Choć mocarna jednostka, która napędza m.in. Bentleya Bentayga, nie ma problemu z wydajnością, to w świetle zaostrzanych norm emisji spalin staje się zbyteczna. Za najbardziej emisyjne modele, zazwyczaj są to SUV-y z dużymi dieslami, producent musi płacić kary. Mogłyby co prawda zostać zrekompensowane przez dużą sprzedaż elektryków, ale wiadomo, co ludzie o nich sądzą.
Limitowana edycja bez fajerwerków
BMW też pożegnało jednego ze swojego wielkich diesli, a Volkswagen postanowił uczynić to samo. Volkswagen Touareg V8 Last Edition będzie w praktyce wersją R-Line ograniczony do rynku niemieckiego. Właściwie jedynym wyróżnikiem będzie plakieta Last Edition na słupku B oraz czarne, kontrastujące do nadwozia lusterka.

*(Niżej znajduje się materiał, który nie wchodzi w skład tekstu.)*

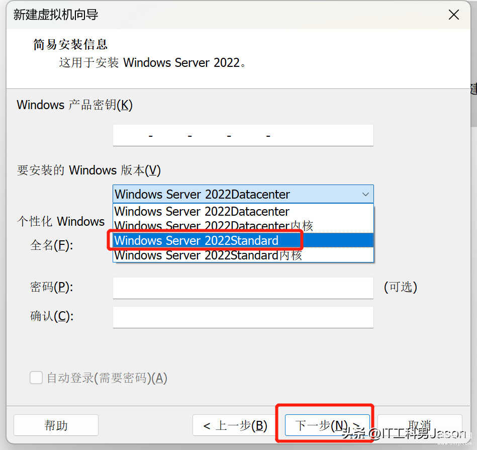 6、选择“要安装的Windows版本”,然后“全名”可以随便设置一个,密码可以暂时先不设置,然后这个Windows产品密钥的话可以先不用管它,最后点击“下一步”

Pod maską będzie pracował wspomniany 4-litrowy silnik V8 TDI o mocy 421 KM, zapewniającym 900 Nm maksymalnego momentu obrotowego już od 1250 obr./min. Sprint do setki ciężkiego SUV-a zajmuje tylko 4,8 sekundy, a za taki pakiet Niemcom przyjdzie wydać co najmniej 104 361 euro, czyli ok. 460 tys. złotych. Dostępnych będzie 400 egzemplarzy.
Przejście dla Touarega R
Volkswagen eliminuje wersję V8 (i tak niedostępnej w Polsce), aby zrobić miejsce dla równie mocnej, ale bardziej ekologicznej wersji. Wkrótce oferta wzbogaci się o Touarega R, który będzie wyposażony w napęd hybrydowy.